Add control ability of the sleek ns copying to _copyParentNamespaces() so we can turn it off or on depending on the context. This as this is not always desired behavior. Leave it active only on c14n serialization for now.

Pelleplutt · 2015-12-15T08:49:31Z

I made a suggestion for how to retain the original behavior in all cases except for the c14n serialization (as this is where it really makes a difference). Not a big fan of pushing boolean flags to functions like this (as it quickly grows out of hand...). But it does the trick.

I guess one option would be to make a wrapper for _plainFakeRootDoc() (like done for _fakeRootDoc()) to limit the impact, but as it was only used in the raw form in two locations I left this out.

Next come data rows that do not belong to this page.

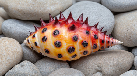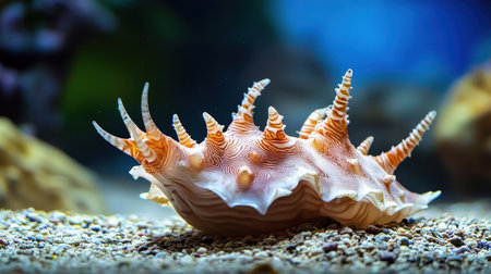 A detailed view of a spiky seashell resting on the sandy bottom of the ocean, showcasing its intricate texture and unique form.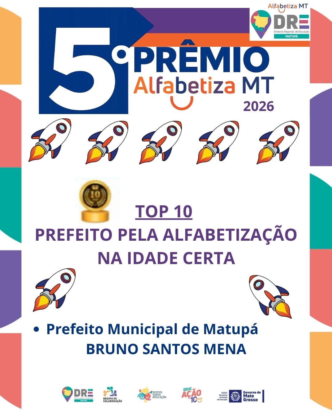 O município de Matupá conquistou um importante reconhecimento na educação ao figurar entre os 10 melhores municípios de Mato Grosso no Prêmio Alfabetiza MT 2026, alcançando a 7ª colocação no ranking estadual no indicador IDEMT-Alfa. O resultado reflete o trabalho conjunto da gestão municipal, professores, alunos e equipes escolares que se dedicam diariamente para garantir a alfabetização na idade certa. O reconhecimento também destaca escolas premiadas, além do estudante Pedro Kaefer Korbes Weiss, da Escola Municipal Cecília Meireles, e da professora alfabetizadora Meire Cherle Correia Vitorino, exemplos do compromisso com a qualidade do ensino no município.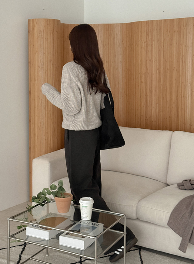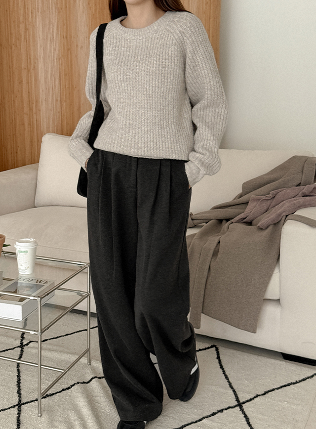 [3가지기장] 도톰따뜻 打摺 비죠 寬 加絨 休閒長褲 84996
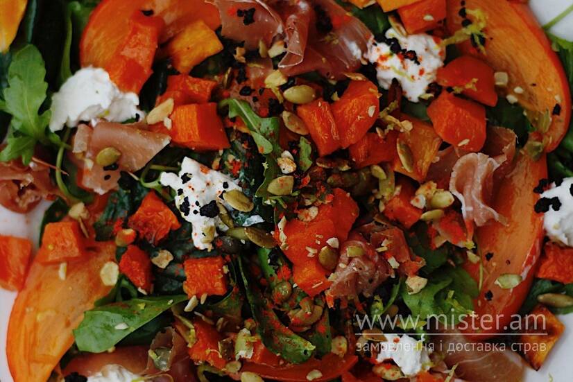 Салат з хурмою, запеченим гарбузом, прошуто та страчателою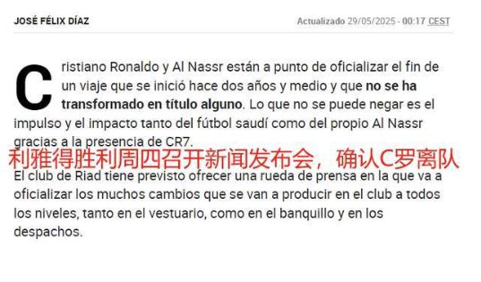 《马卡报》透露,本周四,利雅得胜利将召开新闻发布会上,宣布俱乐部一些重要事宜,包括管理层任免、球员去留,更重要的是,俱乐部将确认C罗离队。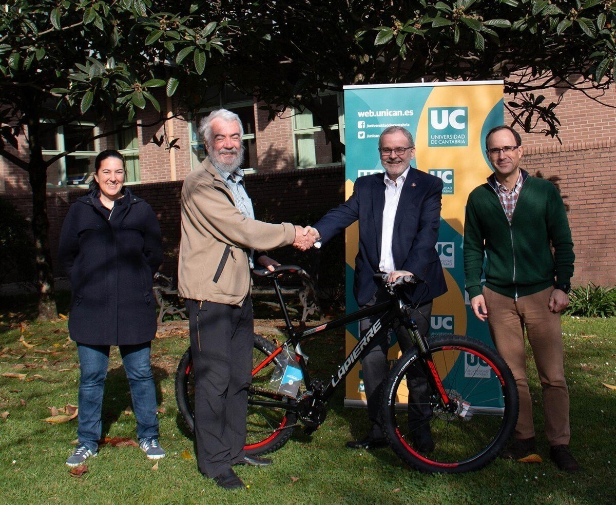 El rector de la Universidad de Cantabria (UC), Ángel Pazos, y el vicerrector de Campus, Servicios y Sostenibilidad, Mario Mañana, han entregado este lunes al profesor Juan Carlos García Codron, el premio del concurso de vídeos cortos organizado por la Oficina Ecocampus y que ha consistido en una bicicleta de montaña.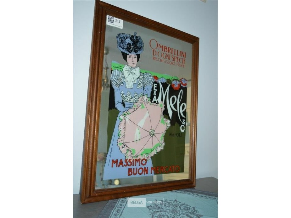 Spiegel met advertentieposter "ombrellini d'ogni specie ricchi assortimenti"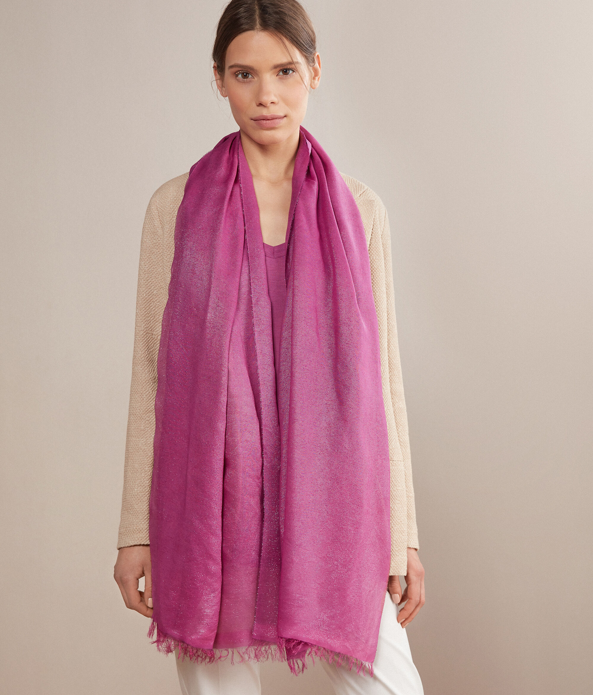 Chusta Falconeri wykonana z miękkiej, połyskującej wiskozy przeplatanej metalową nicią to niezbędny dodatek do każdej stylizacji. Różny poziom nasycenia kolorów tworzy niezwykle artystyczny efekt. Brzegi wykończone lamówką z delikatnymi frędzlami. Szerokość: 60 cm, długość: 180 cm.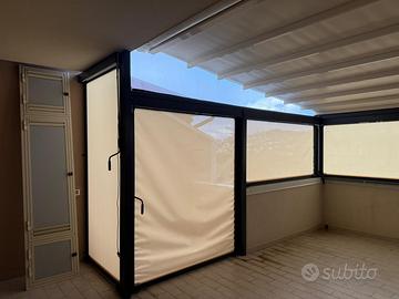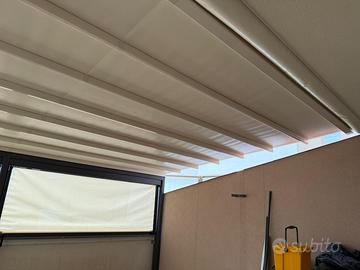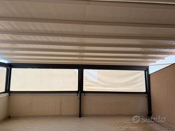 Come da titolo, vendesi pergotenda 6x4 m, pochissimi anni di vita, tenda color beige motorizzata con telecomando, completa come in foto e tutta perfettamente funzionante, compresi pilastrini e travi color antracite con tende oscuranti a manovella, quindi tutta apribile. Possibile apportare delle modifiche a carico dell'acquirente.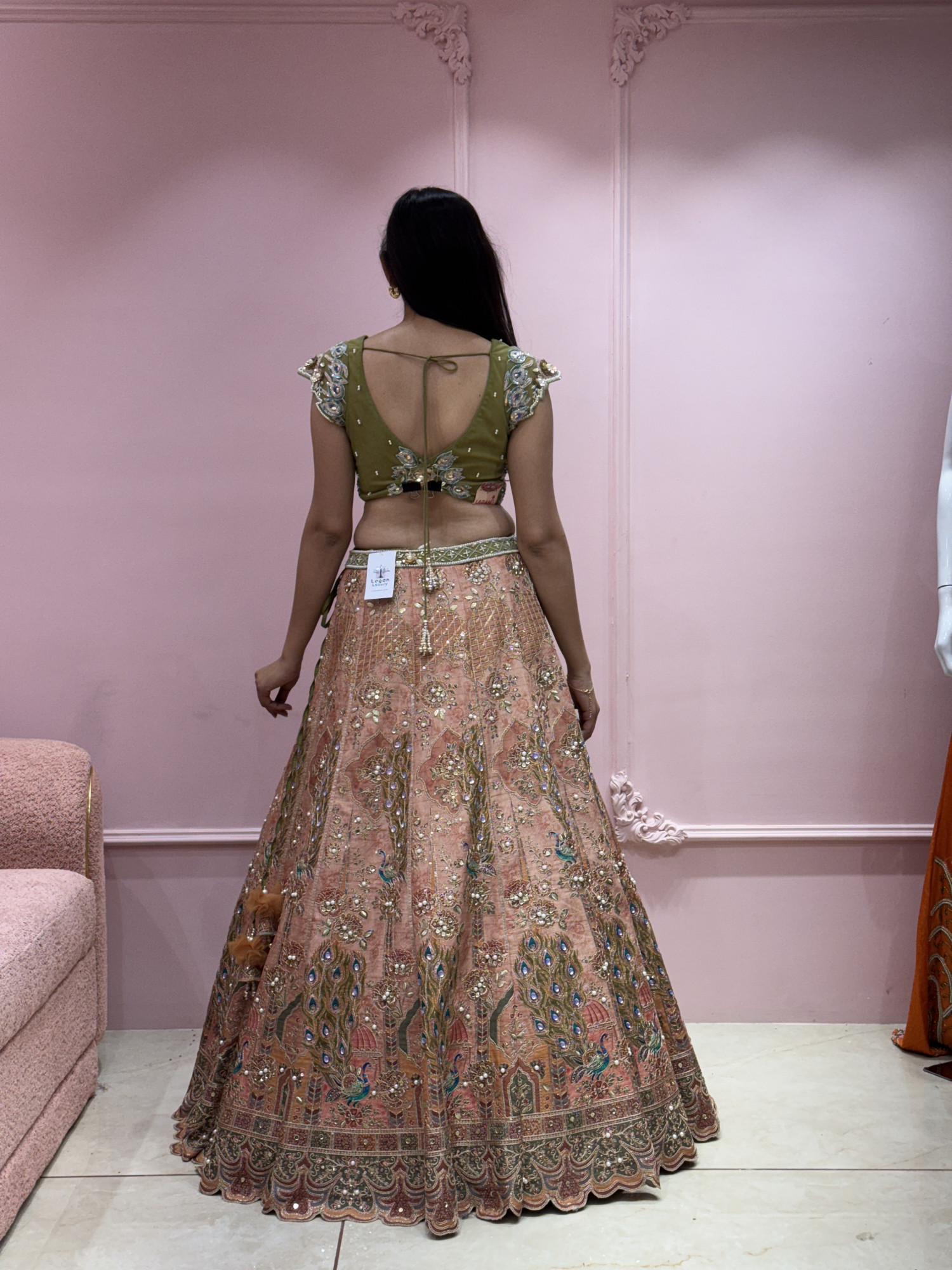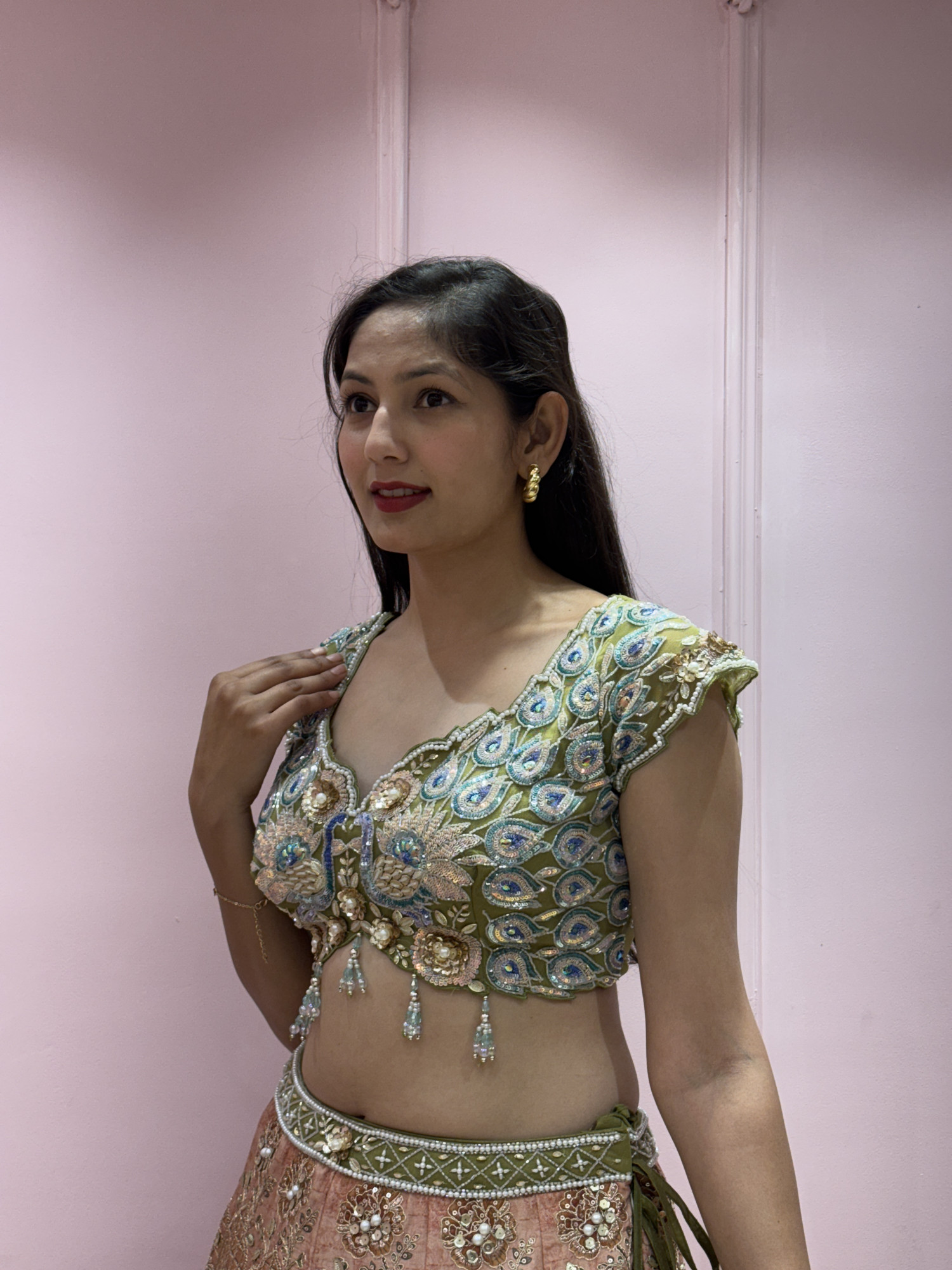 This lehenga set comes in a soft peach color with heavy embroidery and mirror work all over the skirt. The designs are detailed and give a rich, festive look. The blouse is green and features lovely peacock (mor) embroidery with beads and hanging tassels at the front, making it the highlight of the outfit. It has cap sleeves and a tie-up back for a stylish finish. The light green net dupatta has a red and gold border, adding a nice contrast to the outfit. Overall, this lehenga looks elegant, colorful, and perfect for weddings, receptions, or special celebrations.

Pelleplutt · 2016-01-20T15:06:21Z

Any feedback on this?

scoder · 2016-01-22T10:11:53Z

src/lxml/proxy.pxi

-cdef void _copyParentNamespaces(xmlNode* c_from_node, xmlNode* c_to_node) nogil:
-    u"""Copy the namespaces of all ancestors of c_from_node to c_to_node.
+cdef void _copyParentNamespaces(xmlNode* c_from_node, xmlNode* c_to_node, bint applied_ns_only) nogil:
+    u"""Copy the namespaces of all ancestors of c_from_node to c_to_node that are used by c_to_node.


... used by c_from_node, it seems.

scoder · 2016-01-22T10:14:46Z

To run the tests, I just say python test.py -vv -p. Or call py.test src/lxml/tests if you have pytest. (Some of the HTML tests still seem to fail when run with pytest, thus the selected subdirectory.)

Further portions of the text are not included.